The key point between these distinctions is that threat groups cannot really be defeated, deterred, or countered in the sense that we use these words typically as they are reflections or shadows of the underlying entity responsible for their operations. Looking at our Volt Typhoon cluster of actions, defenders and policymakers may be able to come up with mechanisms to block or otherwise mitigate against these activities—-but the entity behind these activities will simply shift methodologies to continue operations in ways that evade new defenses and similar mechanisms. The result is a constant sequence of coevolution between adversaries and defenders, with limitations in defender visibility making for the manifestation of multiple views of how specific adversaries “look” at any given time.
So long as PRC has a significant military and strategic interest in probing, compromising, and potentially staging capabilities within US critical infrastructure, Volt Typhoon-like activities will not cease. US authorities may succeed in neutralizing certain approaches to these goals over time (and in the case of Volt Typhoon operations, this success is highly debatable given available public and non-public information), but other forms and methods will emerge to replace them.

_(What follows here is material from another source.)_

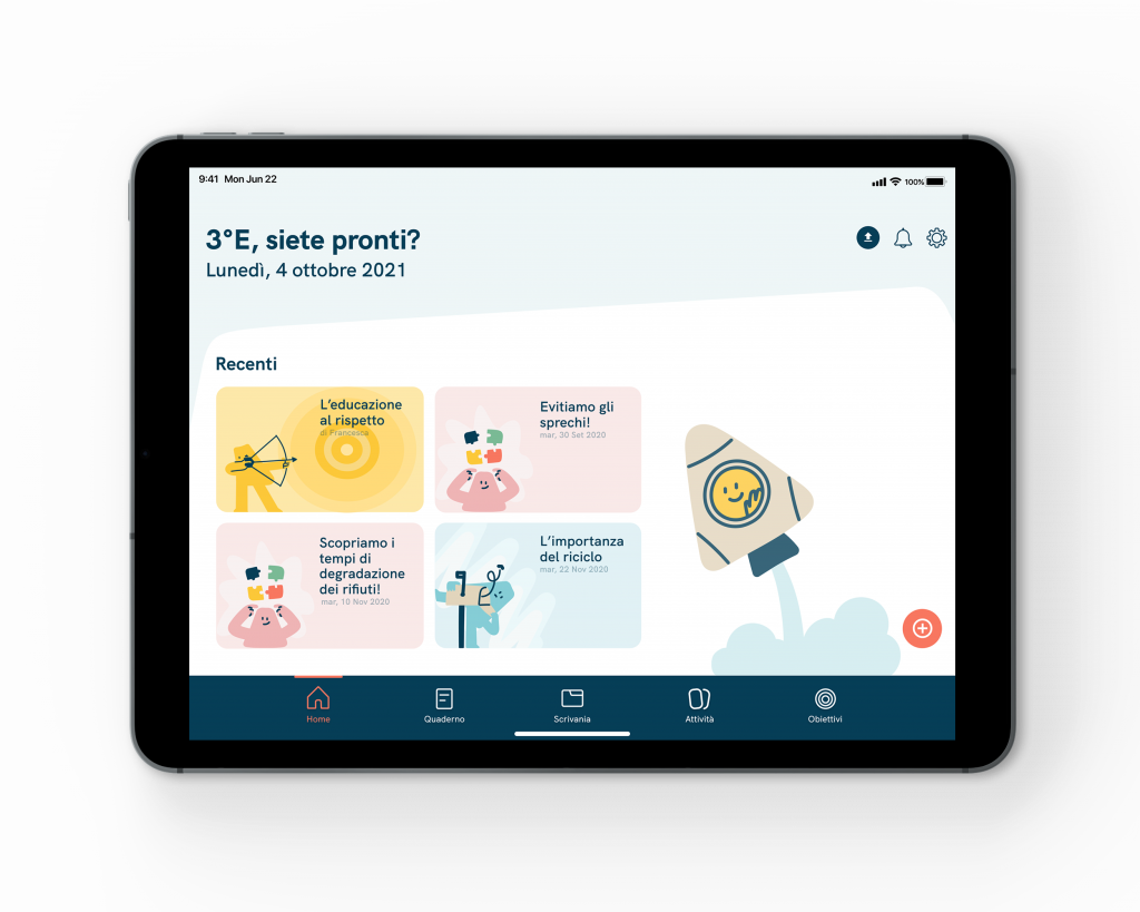 Le quattro sezioni, si trovano all’interno di una homepage nella quale gli insegnanti, oltre ad avere accesso alle diverse aree dell’applicazione, possono impostare file come elementi fissi all’interno della pagine, avere accesso diretto ai contenuti utilizzati nelle lezioni precedenti e vedere le notifiche di altri colleghi.

As such, premature declarations of victory and success must be appropriately couched to show that while some methods have been identified and countered, others exist and will be adopted by motivated threats. The “style” of operation represented by Volt Typhoon may be notionally defeated, but the entity behind these actions remains, and remains motivated to succeed in its mission. By acknowledging this, we can refocus attention from combatting symptoms (e.g., targeting specific Volt Typhoon documented tradecraft examples) to dealing with root causes (e.g., poorly segmented and too easily accessible industrial networks, lack of visibility in critical infrastructure environments, and similar). Only by shifting the discussion of defense from defending against particular threat actors to identifying and solving the mechanisms through which many (or all) threat actors operate will the overall problem—in this case, critical national infrastructure defense—be satisfied. Countering specific clusters of threat activity represents only so much “whack-a-mole” in nature in comparison, and claiming victory is not only premature but also nonsensical.